# New to cast netting



## Shaggy (Oct 24, 2008)

I'm trying to catch my own bait for the first time. I read that shad are extremely fragile and am looking for some tips from you experienced guys. What size netting is right for our SW Ohio lakes and tips for keeping them alive for at least 4 hours? Is it even worth the investment in a quality net and any other devices needed compared to the cost of live minnows?

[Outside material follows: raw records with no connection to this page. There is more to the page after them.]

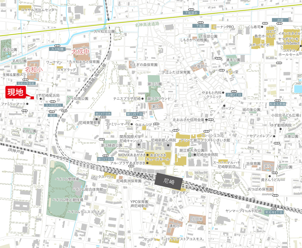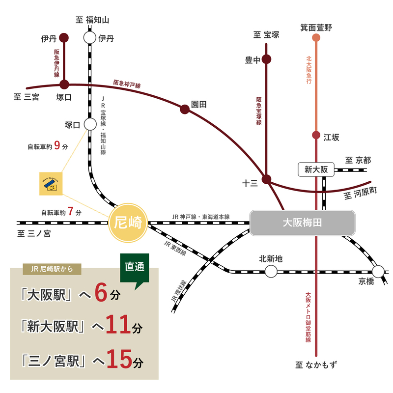 ■JR東海道本線の「尼崎駅」へ徒歩19分。自転車を使えば約7分の近さ!大阪方面、神戸方面、宝塚方面へのアクセスが非常に便利に。駅まではフラットな道のりも嬉しいポイント!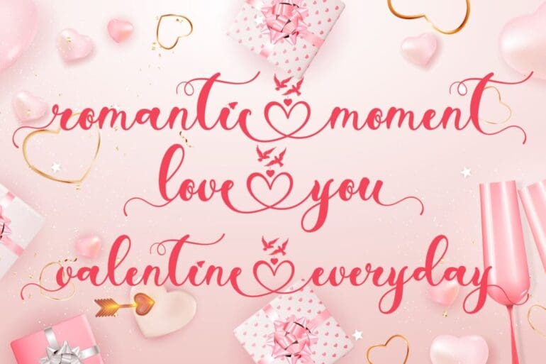 With Lovely is a very pretty script calligraphy font. This font has beautiful decorations in the form of love, birds, and there are also butterflies. This font is equipped with uppercase, lowercase, alternates, swash, titling, ligatures, numerals, punctuations, and also multilingual support. The embellishments on the font are very easy to apply, and there are also instructions for use in the preview. Very suitable for weddings, valentines, invitations, stickers, birthdays, Christmas, winter, easter and others.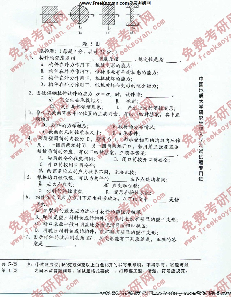 中国地质大学(武汉)2006年考研真题-材料力学(2)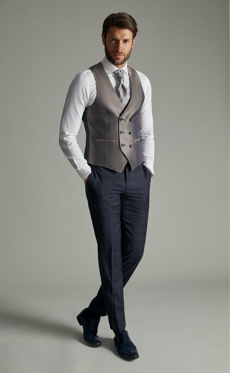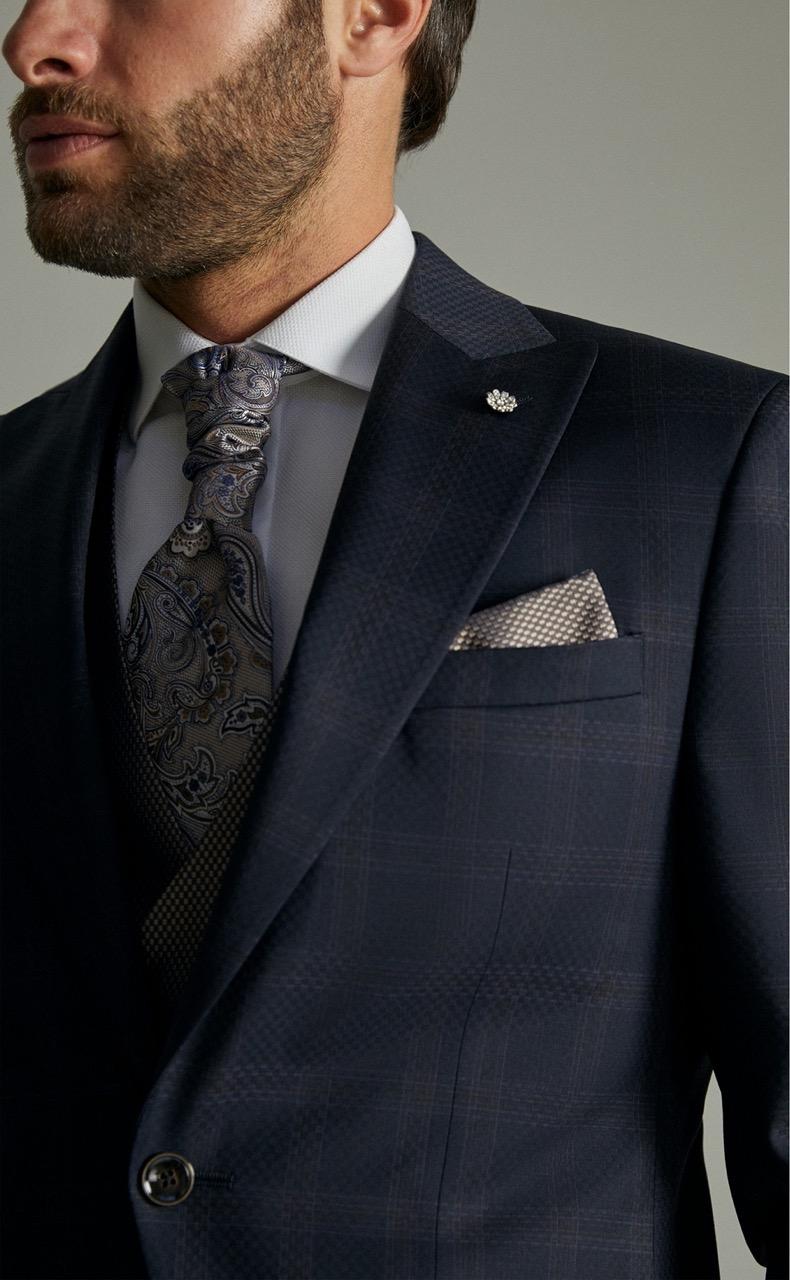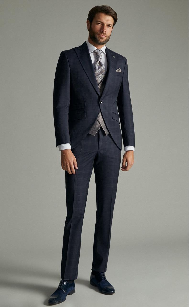 Traje de novio azul de cuadros en tejido lana y lycra. Americana con solapa en pico de 1 botón que va en contraste con chaleco cruzado de 3×3 botones, corbatón y pañuelo.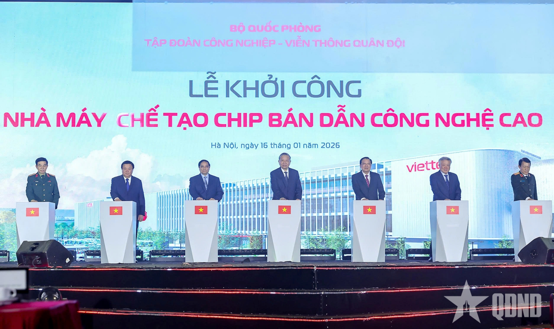 Lãnh đạo Đảng, Nhà nước, Quân đội thực hiện nghi thức khởi công Nhà máy chế tạo chip bán dẫn công nghệ cao của Tập đoàn Công nghiệp-Viễn thông Quân đội (Viettel). Ảnh: TRỌNG HẢI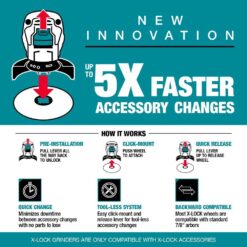 - E-07397 – X-LOCK quick change system provides up to 5X faster blade changes vs. standard angle grinder mount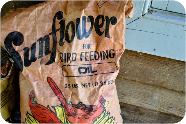 I cut down all the tall sunflowers today that had gone to seed, and propped them all but this large one against the fence for the birds.

As always, looking for good advice from those who know!!!


----------



## Salmonid (Apr 14, 2004)

Any 5 ft radius / 10 ft diameter net from wal mart is fine. About 40$. This will allow you to catch them but keeping shad alive is the hard part. They require a lot of circulation, cold fresh water and oxygen. If your in a boat the livewell will keep them alive for several hrs. If not id suggest a round baittank like the "bait jaccuzi" or something similar.


----------



## sherman51 (Apr 12, 2011)

if you don't have a boat livewell then I recommend the marine metal products bait saver 10 or 20 gallon livewell from academy.com. I use the 10 gallon for saltwater bait and it works great. the 10 gallon is 89.99 and the 20 gallon is 99.99. if you have room for the 20 gallon it would be better than the 10 gallon. the aerator that comes with the tanks can be replaced if they go bad.
sherman


----------



## UFM82 (Apr 6, 2004)

I've read that shad emit large quantities of ammonia when they are stressed and if the water is not kept fresh they will die even faster. I've never even tried to keep them alive once I've netted them.


----------



## Pooch (Jun 16, 2014)

My friend has a large tank, About 40 gal, in his boat and a huge tank, at least 100gal, on the dock. Both are round. Both are insulated, have a filter to get out the scales, and a spray bar to keep the water rotating around. Adds a small amount of salts and something else, can't remember. Water must stay cool and has to be exchanged every so often.


----------



## triton175 (Feb 21, 2006)

Don't know much about shad, but here's a good video on how to throw a 5 ft castnet. This kids method is the easiest that I tried


----------



## whiskerchaser (Mar 13, 2013)

That's way I've been throwing my castnet for 16 years.. Tried every way and it's still the easiest... Keeping shad alive is a pain
. I freeze Gatorade bottles with water and put in baittank.. I made my own baittank. Consist of Rubbermaid toat with lid and two small areators from Wal-Mart less than 20 bucks and hold a lot of bait


----------



## Foremanscotty (Aug 15, 2014)

When you first net the shad put them in a bucket with non iodized salt this will 'condition' the shad Harding the scale and they will release their poop. After a few minutes use a net and transfer them to a cooler a round one (igloo drink cooler)the key is to over not over fill the tank with bait 1-3 per gallon. short trip I will catch 10 shads bout 6in put in a square cooler and some will last 3 hrs. Hope this helps


----------



## Lazy 8 (May 21, 2010)

I bought a 4 foot cast net when I lived in FL and caught wild Golden Shiners. Spent a couple of hours in the back yard learning how to throw the net. If the net hits the water in a figure 8 pattern, you ain't catching nothing. They make a little plastic doohickey that you can load the net into or do like me and learn the hard way. What if you lose your little plastic doohickey? The kids method is the one I used. Only, I didn't have the internet to shoe me how to. Just a small, little, pamphlet. I did say small...didn't I? 

After I learned how to get it to open into a circle each time, I hit the water. I made my own chum using oatmeal, cat or dog food and some cracked corn, all mixed up together. After they'd get in a feeding frenzy, I'd let the net fly.

Good luck.


----------